** AIM OF THE TASK **
Make an exact copy of the lines from the one containing "144036 | 2022-04593 |" through the end of the material, including both ends but no pictures.

** RECORDS FOR THE EXERCISE **

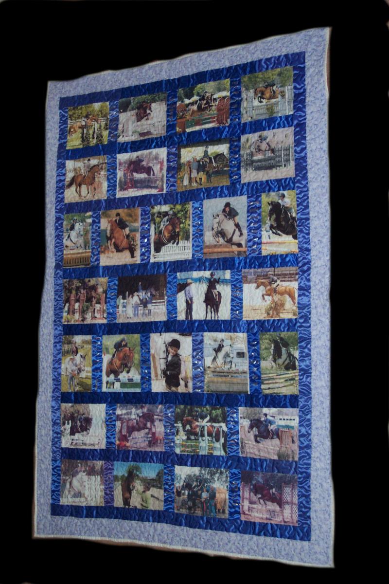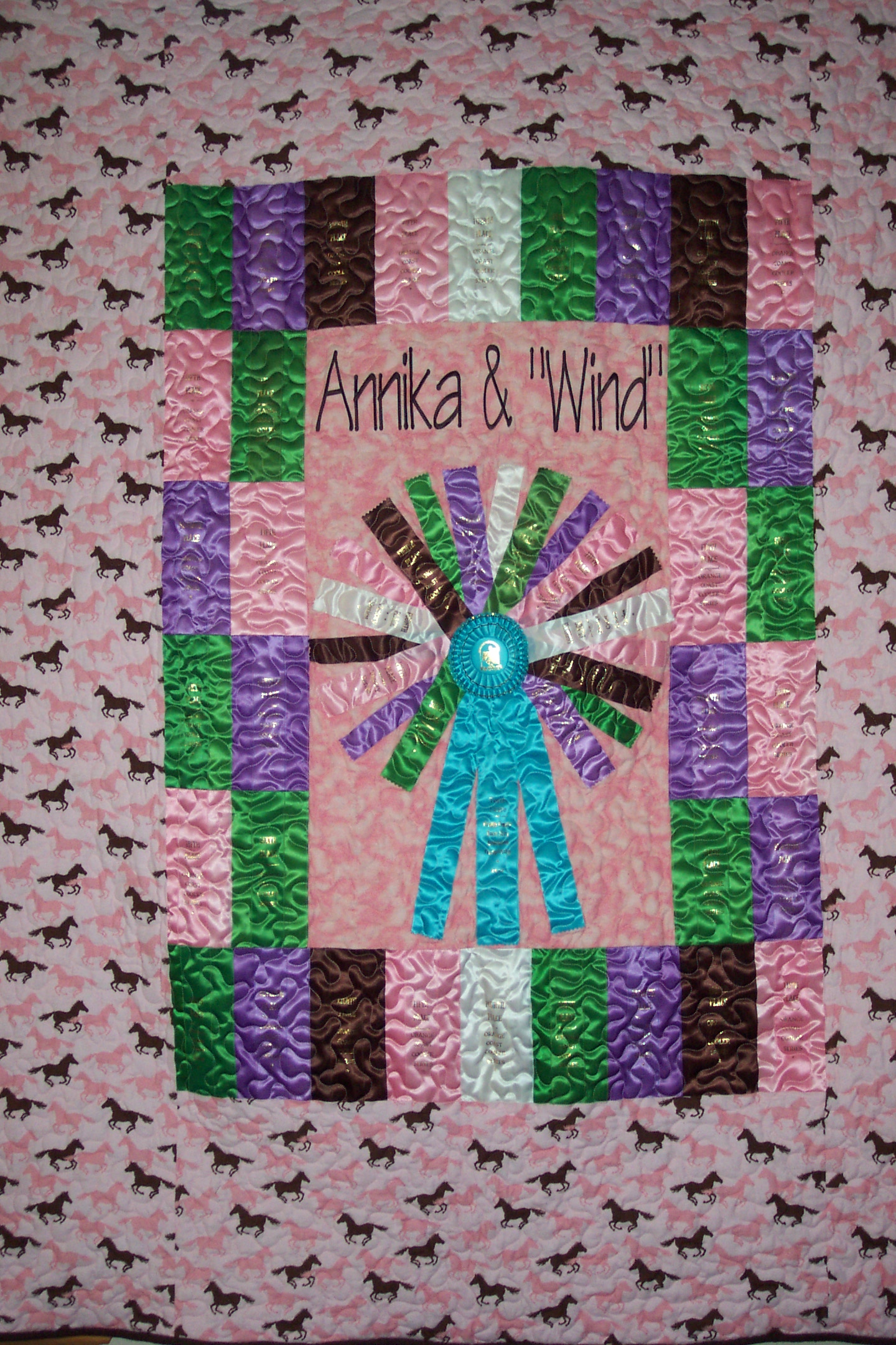 These silk sash ribbons are awarded at shows in New Zealand and Jade's mom had this queen size quilt made for Xmas 2011! I added photos and see pillow page for close ups on pillows of her three terrific horses.
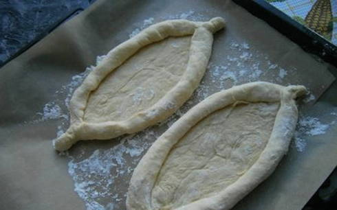 - Verdeel het bij elkaar passende deeg in 5-6 gelijke delen, rol ze in dunne cakes. Rol de randen van elke flatbread op en vorm de blanco's in de vorm van bootjes, leg ze op een ingevette bakplaat.
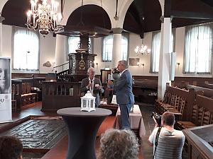 Afgelopen week werd in de historische Laurentiuskerk in Rijnsburg het eerste exemplaar overhandigd aan burgemeester Visser van Rijnsburg en Katwijk.
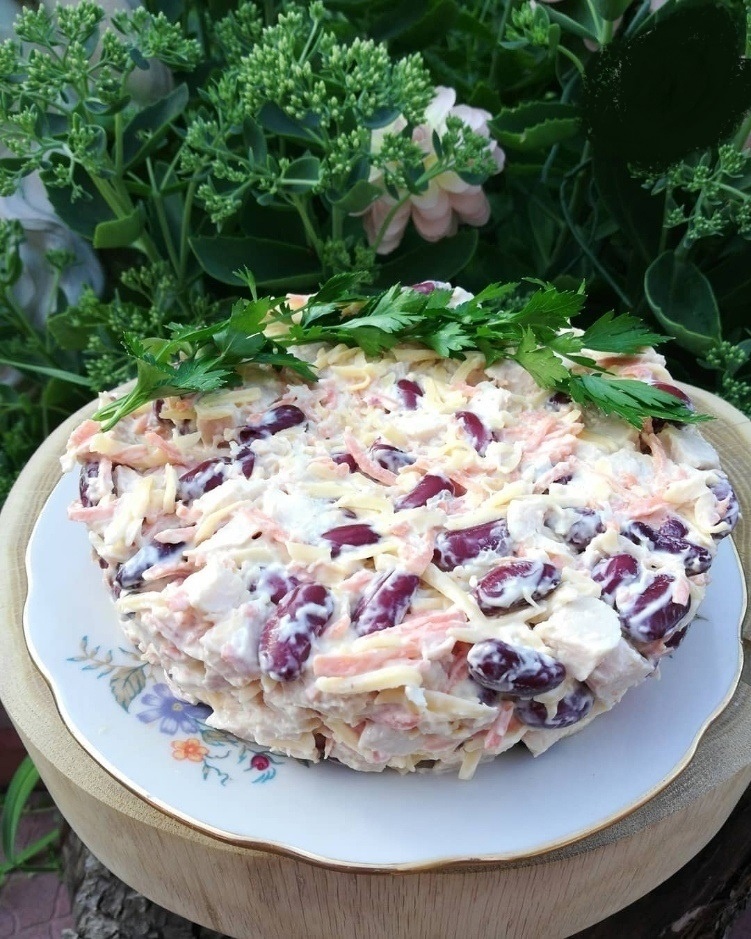 Фасоль необходимо промыть под водой, слить жидкость и дать ей стечь через сито. Филе нарезать кубиками. С моркови тоже слить лишнюю влагу, затем нарезать. Сыр натереть на тёрке. Все компоненты смешать, при необходимости добавить соль и перец, заправить майонезом. По желанию можно добавить чеснок, но я решила не использовать его. Всё тщательно перемешать. Выложить салат в разъёмное кольцо, поставить в холодильник примерно на час. После этого аккуратно снять кольцо и украсить зеленью!
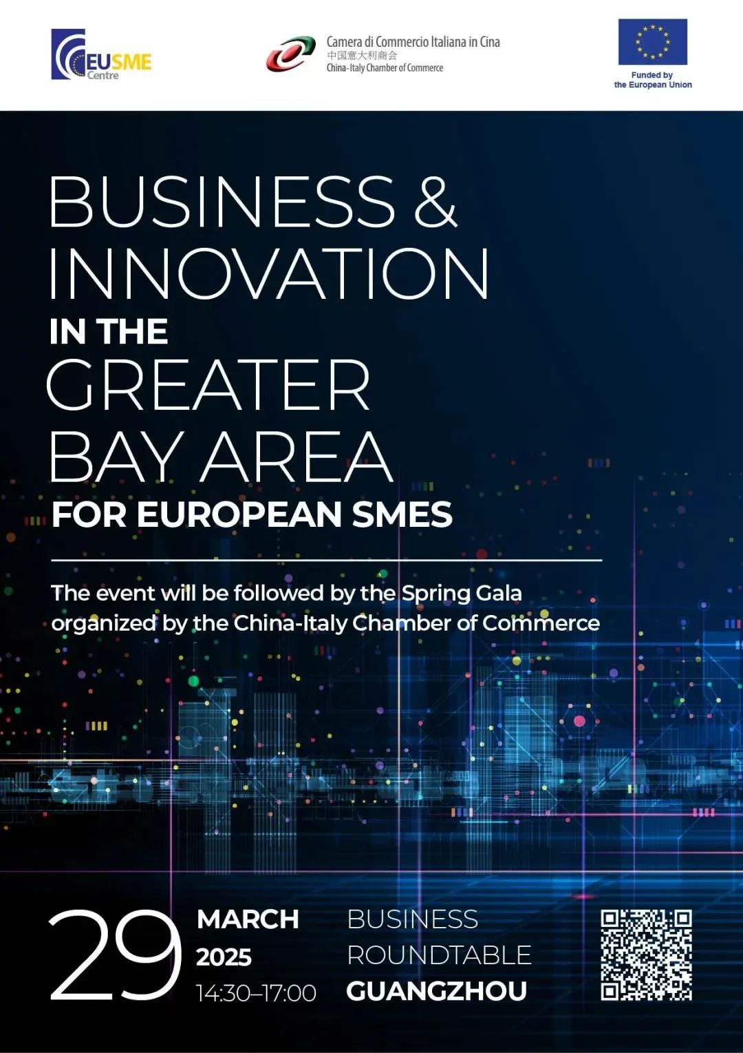 The China-Italy Chamber of Commerce (CICC), together with the EU SME Centre, is pleased to invite you to the Roundtable on “Business & Innovation in the Greater Bay Area for European SMEs”, taking place on March 29, 2025, at the Four Seasons Hotel in Guangzhou, from 14:30 to 17:00 (China time).
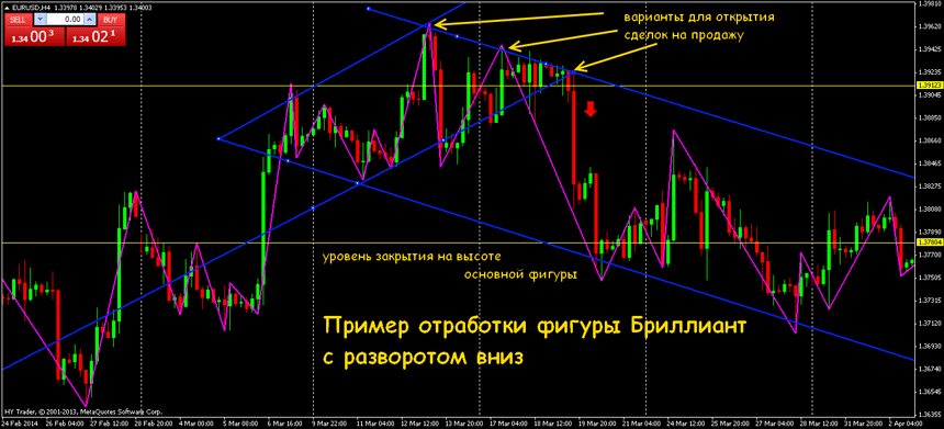 - Агрессивный, когда позиции открываются непосредственно по рыночным ценам или с помощью отложенных ордеров на пробитии трендовых линий. С учетом особенностей формирующегося «Бриллианта» это может быть дно или вершина рынка.
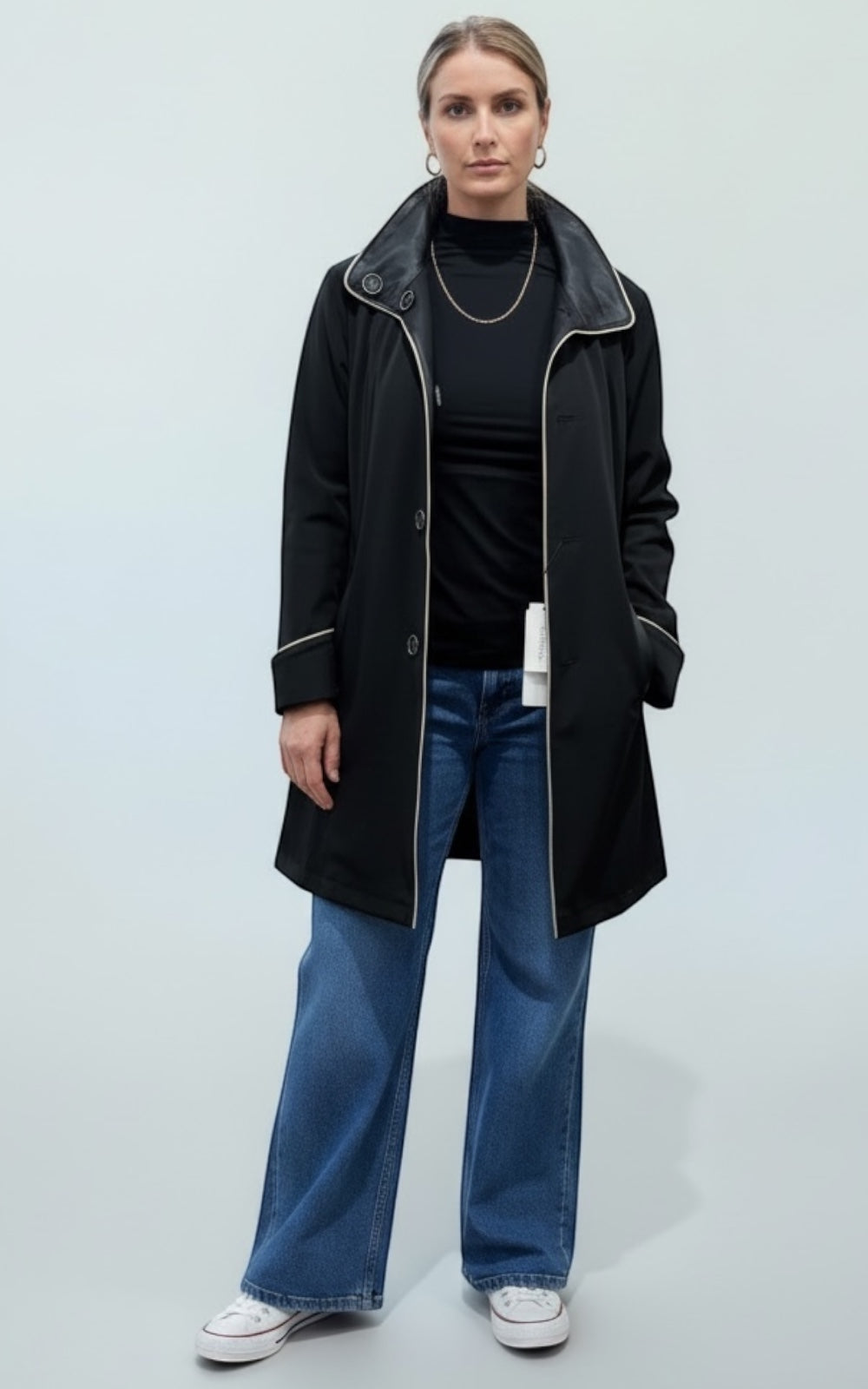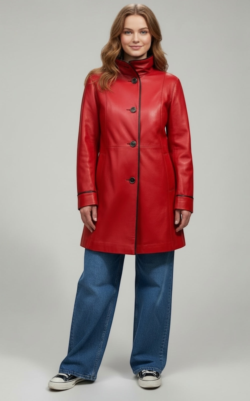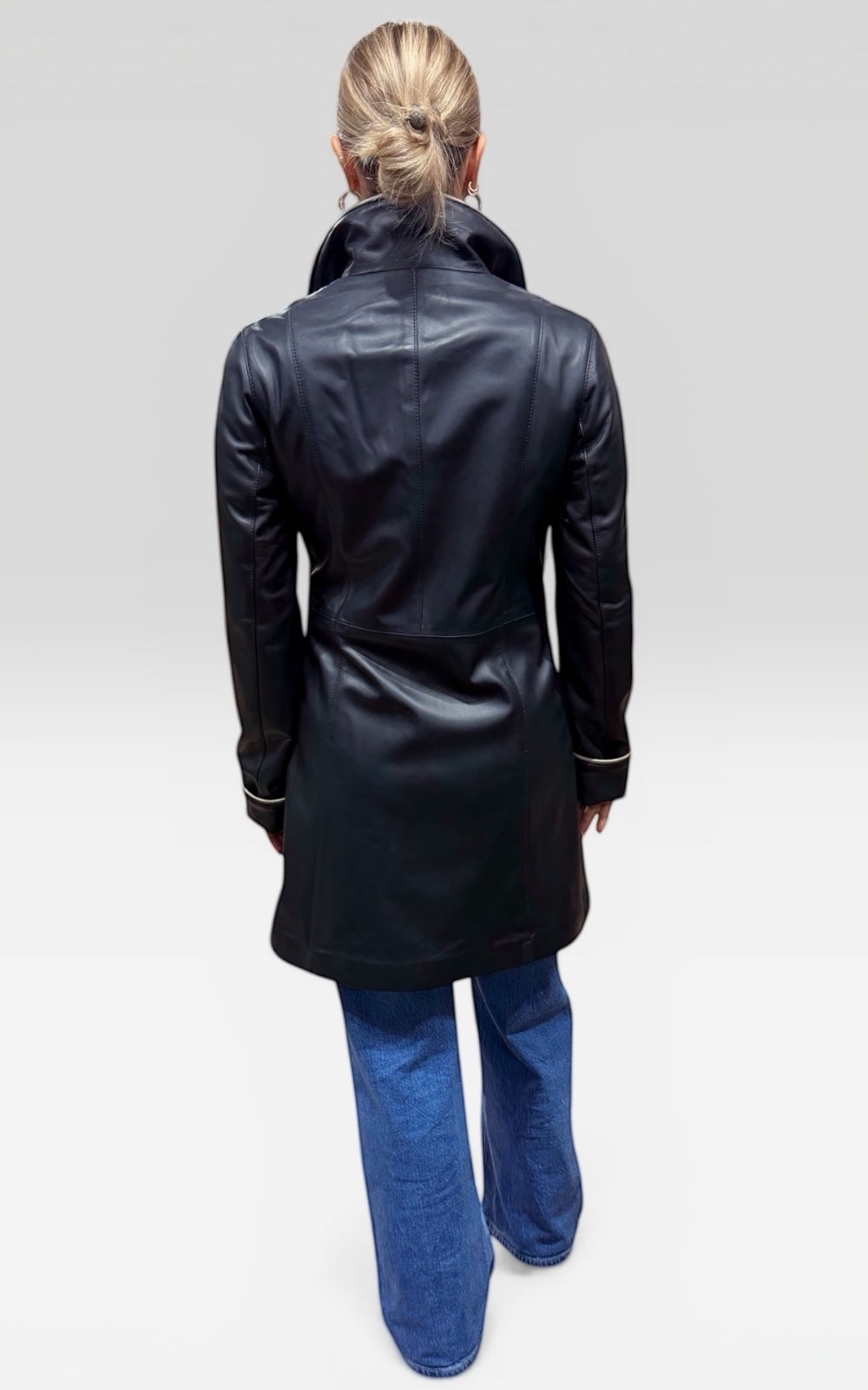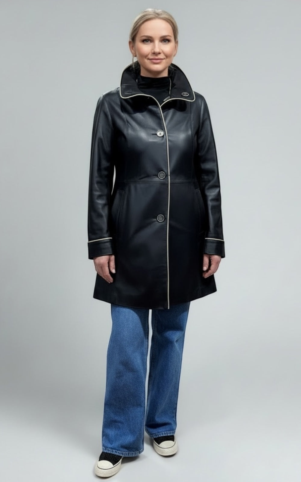 Le Manteau Pamela en cuir d'agneau souple allie élégance et praticité. Coupe semi-ajustée, réversible et imperméable, il vous accompagne confortablement de l'automne à l'hiver. Style Pamela
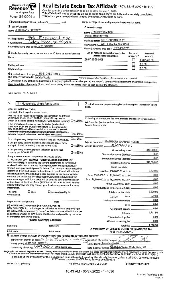 | 1 | 05/27/2022 | SWD | STATUTORY WARRANTY DEED | FORTNEY JUDITH ANN | WALDEN JENNIFER & JASON MARTINETTO | | | $349,000.00 | 144036 | 2022-04593 |
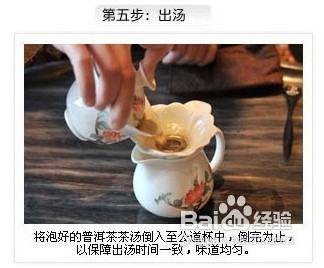 1、取适当量的普洱茶,将水烧开至90度~100度。先烫盖碗(或茶壶),将水倒掉之后将适量的普洱茶放入杯中盖碗(或茶壶)中,茶叶和水比例一般是1:20~30。注水之后等待20秒后出汤,一道是醒茶(洗茶)。将醒茶水倒掉之后可闻杯香。(生茶洗一次,熟茶需要洗两次)第二道注水完后等待大概10秒左右出汤,分茶之后就即可饮用。第三道注水之后不用盖住盖碗,可以快点出汤,之后几道出汤时间可根据上一道茶的的浓淡进行调整。 2、泡新制成的普洱茶建议使用95°左右的水温进行冲泡,大部分是芽头的嫩茶可以适当的降低温度,使用85°~92°的水进行冲泡。老茶就需要使用100°的水进行冲泡才能把香气滋味泡出来。普洱茶怎么泡?
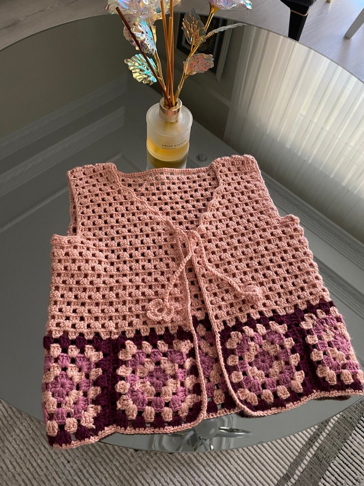 Örgü dokulu, askısız ve salaş kesim pembe yelek, bohem tarzda retro desenlerle günlük kullanıma uygun rahat bir parça.

** SOLUTION TO THIS TASK **
 | 1 | 05/27/2022 | SWD | STATUTORY WARRANTY DEED | FORTNEY JUDITH ANN | WALDEN JENNIFER & JASON MARTINETTO | | | $349,000.00 | 144036 | 2022-04593 |
 1、取适当量的普洱茶,将水烧开至90度~100度。先烫盖碗(或茶壶),将水倒掉之后将适量的普洱茶放入杯中盖碗(或茶壶)中,茶叶和水比例一般是1:20~30。注水之后等待20秒后出汤,一道是醒茶(洗茶)。将醒茶水倒掉之后可闻杯香。(生茶洗一次,熟茶需要洗两次)第二道注水完后等待大概10秒左右出汤,分茶之后就即可饮用。第三道注水之后不用盖住盖碗,可以快点出汤,之后几道出汤时间可根据上一道茶的的浓淡进行调整。 2、泡新制成的普洱茶建议使用95°左右的水温进行冲泡,大部分是芽头的嫩茶可以适当的降低温度,使用85°~92°的水进行冲泡。老茶就需要使用100°的水进行冲泡才能把香气滋味泡出来。普洱茶怎么泡?
 Örgü dokulu, askısız ve salaş kesim pembe yelek, bohem tarzda retro desenlerle günlük kullanıma uygun rahat bir parça.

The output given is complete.